[Start of Attachment]
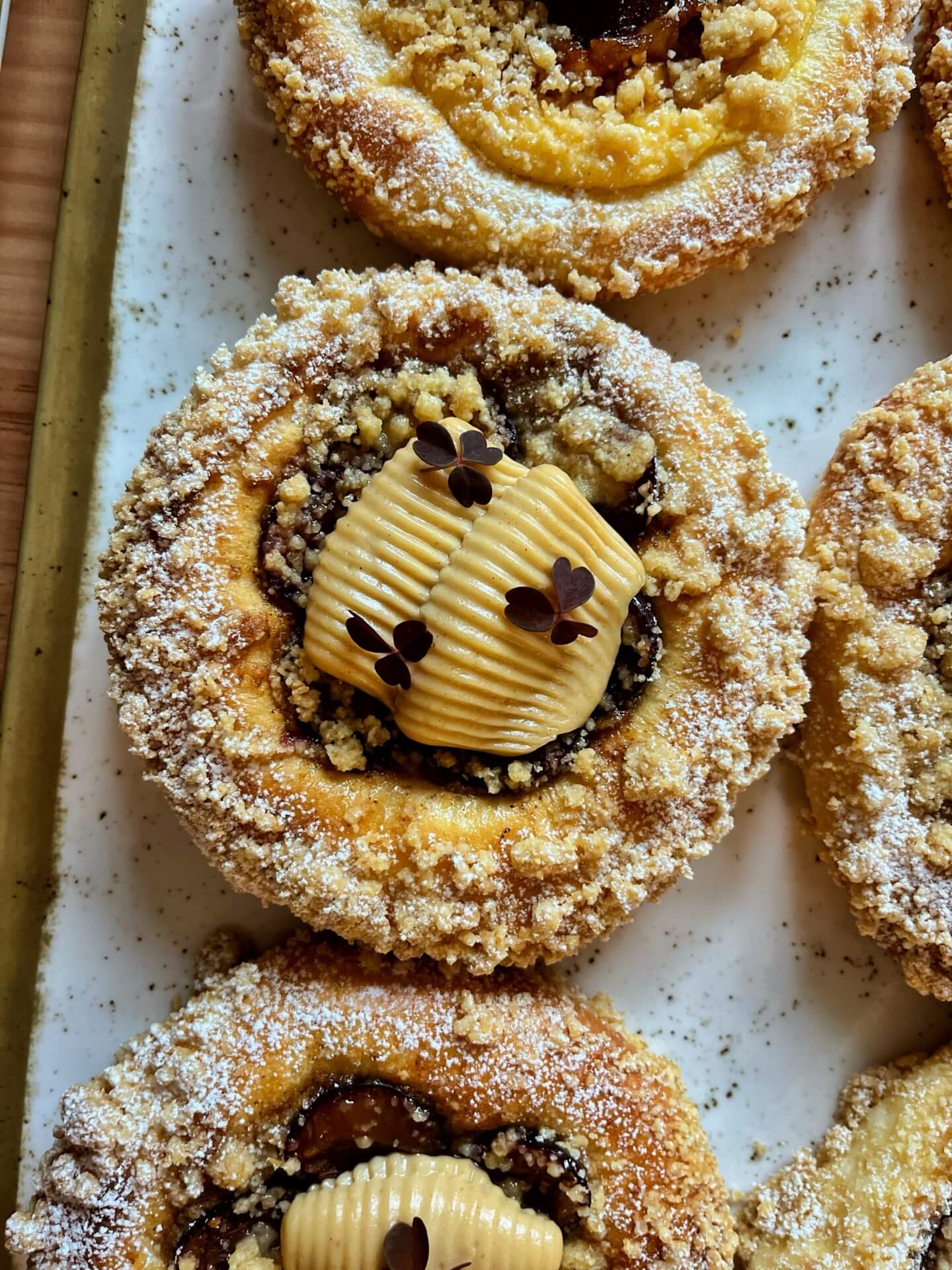 5. Czekoladowa drożdżówka z flanem kawowym, wiśniami, cremeux na mlecznej czekoladzie i kruszonką kawową
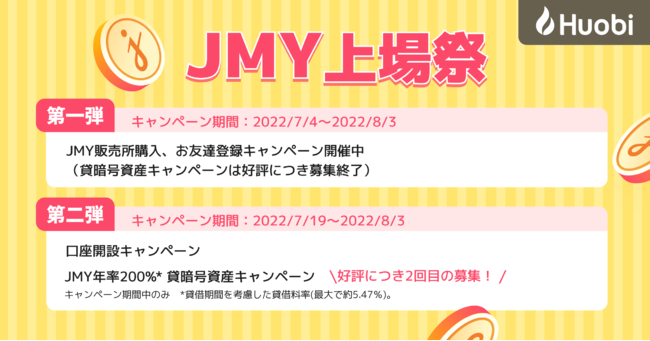 フォビジャパン株式会社(所在地:東京都港区、代表取締役社長:関 磊、以下「フォビジャパン」)は、【新規上場記念】JMY上場祭の第二弾!「口座開設・JMY年率200%*貸暗号資産キャンペーン」を7/19(火)より実施いたします。
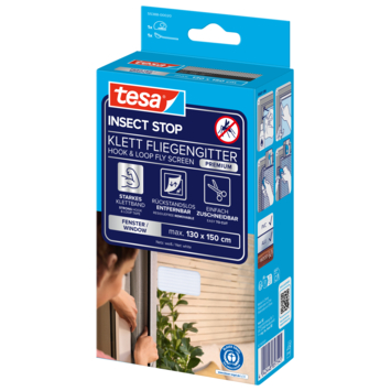 tesa® Insect Stop COMFORT Klittenband voor ramen biedt effectieve bescherming tegen insecten met klittenband waarmee je je ramen open kunt houden zonder dat insecten binnen kunnen komen. Het is verkrijgbaar in twee kleuren en twee maten, geschikt voor de meeste kozijnen. Dankzij het easy-on- en easy-off-systeem is het snel en eenvoudig te plaatsen en verwijderen. Gebruik de meegeleverde klittenbandtape om het op het raamkozijn te plakken en de druktool om het gaas er stevig tegenaan te drukken. Om het gaas weer te verwijderen, trek je het er gewoon vanaf.
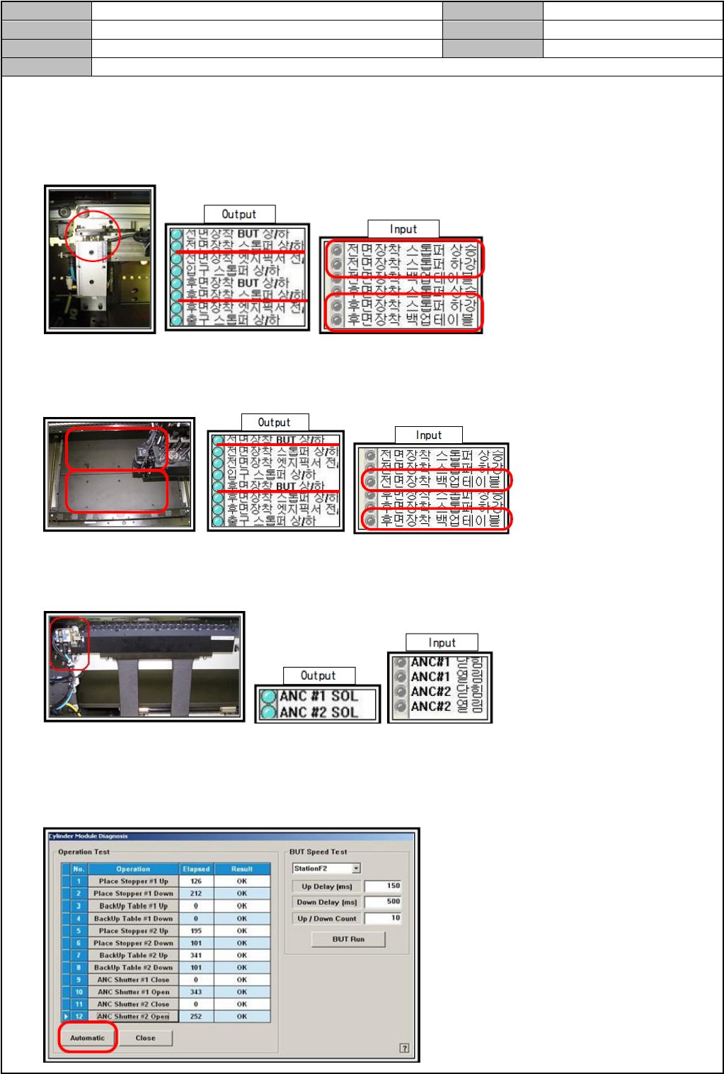 Model DECAN Series Company SAMSUNG TECHWIN Module 3.12 MMI V ersion 01 Tit le MMI IO CHECK(OUTP UT) Page 3-12-5 Note [MMI IO CHECK(OUTPUT)] 确认前 / 后面安装制动器上 / 下启动 点击 IO 窗口的 < 前 / 后面 安装制动器上 / 下 > ,确认启动及输 入信号感应 确认前…
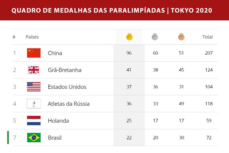 O Brasil terminou os Jogos Paralímpicos com a melhor campanha da história. Igual ao número de medalhas da última edição no Rio de Janeiro em 2016. Foram 72 no total na ocasião e agora também. Além disso ficou na 7a colocação, a mesma de Londres 2012. E o principal ainda foi quebra do recorde de medalhas de ouro. Naquela oportunidade foram 21 medalhas de ouro e dessa vez o país subiu ao lugar mais alto do pódio 22 vezes.
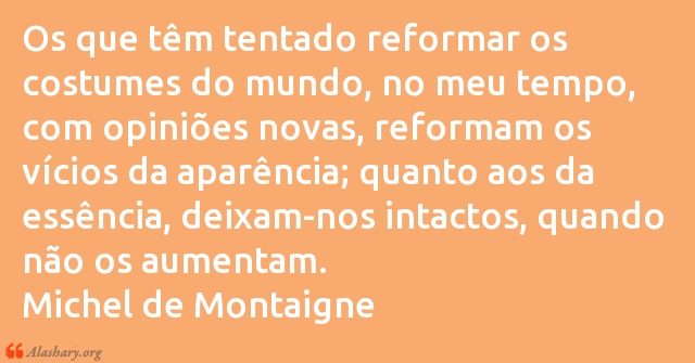 Os que têm tentado reformar os costumes do mundo, no meu tempo, com opiniões novas, reformam os vícios da aparência; quanto aos da essência, deixam-nos intactos, quando não os aumentam.
[End of Attachment]
• **Task objective**: Quote every entry exactly, with the pictures omitted.

• **Response to this exercise**:
 5. Czekoladowa drożdżówka z flanem kawowym, wiśniami, cremeux na mlecznej czekoladzie i kruszonką kawową
 フォビジャパン株式会社(所在地:東京都港区、代表取締役社長:関 磊、以下「フォビジャパン」)は、【新規上場記念】JMY上場祭の第二弾!「口座開設・JMY年率200%*貸暗号資産キャンペーン」を7/19(火)より実施いたします。
 tesa® Insect Stop COMFORT Klittenband voor ramen biedt effectieve bescherming tegen insecten met klittenband waarmee je je ramen open kunt houden zonder dat insecten binnen kunnen komen. Het is verkrijgbaar in twee kleuren en twee maten, geschikt voor de meeste kozijnen. Dankzij het easy-on- en easy-off-systeem is het snel en eenvoudig te plaatsen en verwijderen. Gebruik de meegeleverde klittenbandtape om het op het raamkozijn te plakken en de druktool om het gaas er stevig tegenaan te drukken. Om het gaas weer te verwijderen, trek je het er gewoon vanaf.
 Model DECAN Series Company SAMSUNG TECHWIN Module 3.12 MMI V ersion 01 Tit le MMI IO CHECK(OUTP UT) Page 3-12-5 Note [MMI IO CHECK(OUTPUT)] 确认前 / 后面安装制动器上 / 下启动 点击 IO 窗口的 < 前 / 后面 安装制动器上 / 下 > ,确认启动及输 入信号感应 确认前…
 O Brasil terminou os Jogos Paralímpicos com a melhor campanha da história. Igual ao número de medalhas da última edição no Rio de Janeiro em 2016. Foram 72 no total na ocasião e agora também. Além disso ficou na 7a colocação, a mesma de Londres 2012. E o principal ainda foi quebra do recorde de medalhas de ouro. Naquela oportunidade foram 21 medalhas de ouro e dessa vez o país subiu ao lugar mais alto do pódio 22 vezes.
 Os que têm tentado reformar os costumes do mundo, no meu tempo, com opiniões novas, reformam os vícios da aparência; quanto aos da essência, deixam-nos intactos, quando não os aumentam.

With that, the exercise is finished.